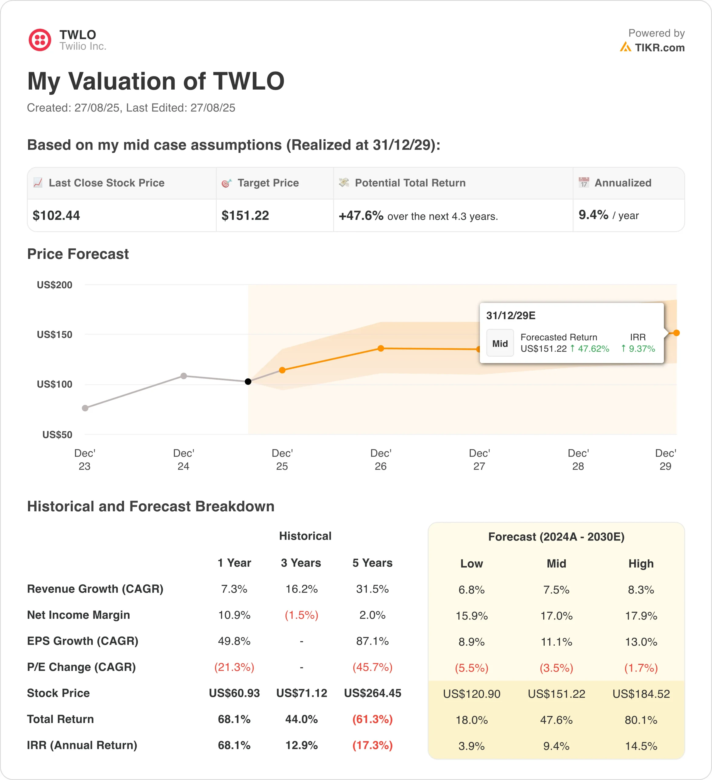 - TWLO stock could reasonably reach $135/share by the end of 2027, based on our valuation assumptions.
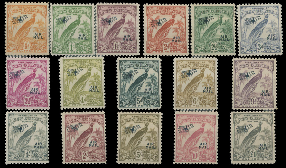 1932-34, blue black overprint ”Air Mail” and Airplane on Birds of Paradise without dates, ½p-£1, complete set of 16, full OG, NH, mostly VF, C.v. $312, SG #190/203, C.v. £275, both values for hinged sets, Est. #300-$400 , Scott #C28-43
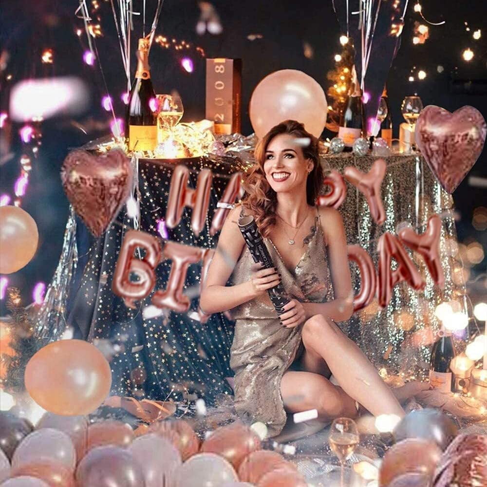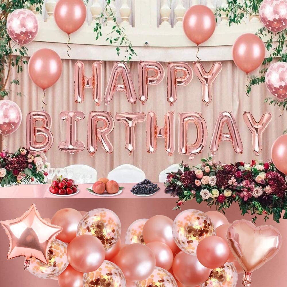 - 【Rose Gold Party Decorations Set】Rose gold “HAPPY BIRTHDAY” balloons x1, Rose gold latex balloons( 5”x10, 10”x10, 12”x20), 12" confetti balloons x10, 18” rose gold star foil balloons x2, 18” heart foil balloons x2, ribbons x3,balloon chain x1, table cloth x1, candle x1,cake topper x1
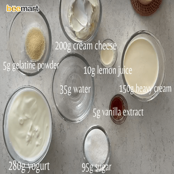 Chuẩn bị các nguyên liệu làm kem phô mai bao gồm: 200g cream cheese, 150g whipping cream, 5g tinh chất vani, 95g đường, 280g sữa chua không đường, 10g nước cốt chanh, 5g bột gelaine, 35g nước

EXERCISE AIM -> When a picture appears in the material, please pass over it while retyping the rest exactly.

EXPECTED OUTPUT ->
 - TWLO stock could reasonably reach $135/share by the end of 2027, based on our valuation assumptions.
 1932-34, blue black overprint ”Air Mail” and Airplane on Birds of Paradise without dates, ½p-£1, complete set of 16, full OG, NH, mostly VF, C.v. $312, SG #190/203, C.v. £275, both values for hinged sets, Est. #300-$400 , Scott #C28-43
 - 【Rose Gold Party Decorations Set】Rose gold “HAPPY BIRTHDAY” balloons x1, Rose gold latex balloons( 5”x10, 10”x10, 12”x20), 12" confetti balloons x10, 18” rose gold star foil balloons x2, 18” heart foil balloons x2, ribbons x3,balloon chain x1, table cloth x1, candle x1,cake topper x1
 Chuẩn bị các nguyên liệu làm kem phô mai bao gồm: 200g cream cheese, 150g whipping cream, 5g tinh chất vani, 95g đường, 280g sữa chua không đường, 10g nước cốt chanh, 5g bột gelaine, 35g nước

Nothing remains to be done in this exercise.